Sunday, November 06, 2011

Nut Up or Shut Up Brown Ale

I started brewing my next batch last night.  Ingredients are as follows:

  • 3.3 # liquid unhopped amber extract
  • 1.5 # amber DME
  • 1.0 # corn sugar
  • 0.5 # crystal malt
  • 0.5 # black patent malt
  • 0.5 # chocolate malt
  • 1.0 oz Cascade leaf hops, boiling
  • 1.0 oz Warrior pellet hops, boiling
  • 1.0 oz Saaz pellet hops, boiling
  • harvest spices (nutmeg, cinnamon, mace)
  • White Labs London Ale Yeast WLP013
I started the boil with cold water and the grains (crystal, black pat, and chocolate) floating around.  I set out my liquid yeast to warm up to room temp like the instructions and the brewdude at MOKHB instructed.  I will admit to some concern about using liquid yeast for the first time.  Close to boiling, I began to remove the grains.  It did take a long time because my wire strainer is small, and my larger strainer is silicone and not really ideal--holes are too big.  I finally got most all the grains out.  Man, this wort is darker than I expected.  Sparging, mainly due to the less than ideal strainers was slow and tricky.  Kat was again, a huge help.  I think there ended up being quite a bit of grain and hop pellet sludge.
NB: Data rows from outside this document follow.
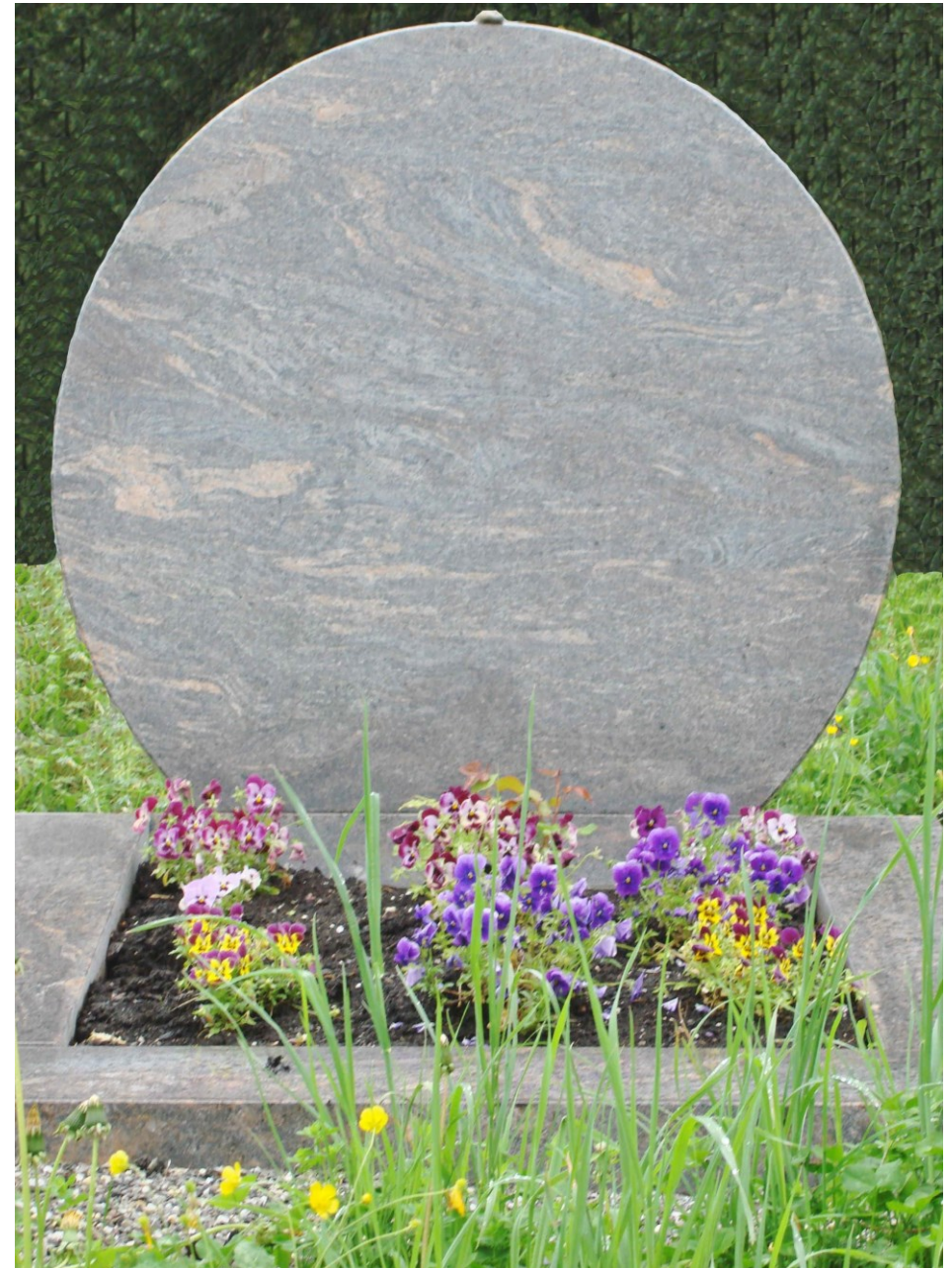
Grabstein im Jüdischen Friedhof in Hohenems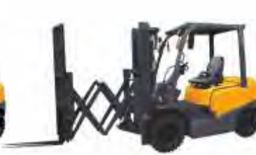
Вилы с пантографом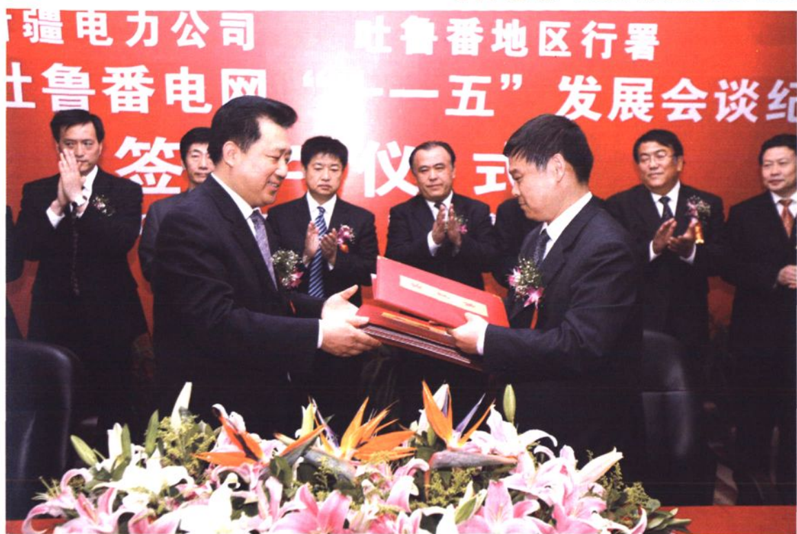
2007年4月,新疆电力公司与吐鲁番地区行署签订“十一五”发展会谈纪要。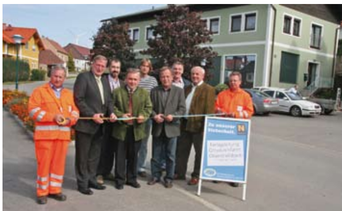
Am 29. September 2008 wurde die auf einer Länge von 2,5 Kilometern erneuerte Ortsdurchfahrt von Oberstrahlbach offiziell für den Verkehr frei gegeben.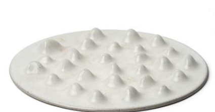
Plato rocks aa Rocks plate Assiette roches Piatto rocce Felsenteller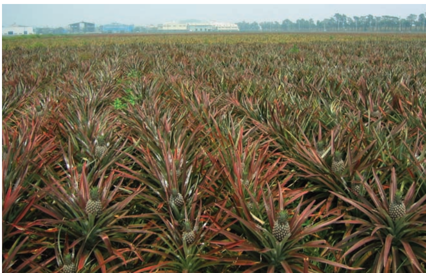
台農6號，又稱「蘋果鳳梨」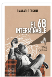
El 68 interminable Giancarlo Cesana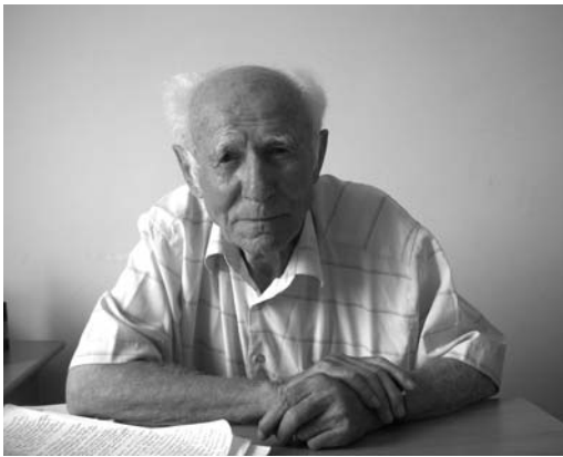
Ով շատ է սիրում, նա կարոտում է, կարոտը կշիռ, չափ չի ճանաչում:

Ֆեյսբուքյան ընկերոջս՝ բանաստեղծ Կարեն Արամյանի «Կարոտս» բանաստեղծությունն տողերն են, որոնք շատ հուզեցին իմ հոգեկան աշխարհը:

I'll rack it to a secondary so that it's not in contact with the wort for too long.  I capped the carboy and put it outside to cool.  Since it was after midnight I set the timer for three hours and took a nap.  At about 2 or 3am (depending on how you want to look at it since it was daylight savings time to set clocks back) which was about three hours setting outdoors, the temperature still read pretty warm (too warm to register) but it felt like it was cool to the touch.  Since body temp is 98.6 and it reads up to 70 degrees, I am assuming it was around 80 degrees.
Spent grains
hops boiling
   

I set the carboy in the kitchen and uncapped it.  I shook the White Labs liquid yeast one more time and poured it into the carboy.  Some got on the inside neck, so I capped it again and agitated it a little to make sure the yeast got down into the wort.  It did not look like a whole lot of yeast.  At about 9am I got up and checked on the beer.  Had this been dry yeast it probably would have been foaming all over the place.  It appeared dead to me.  At about 1pm, there are slow bubbles (one every 10 minutes?) so I believe either the yeast is starting to do it's job, or it's contaminated.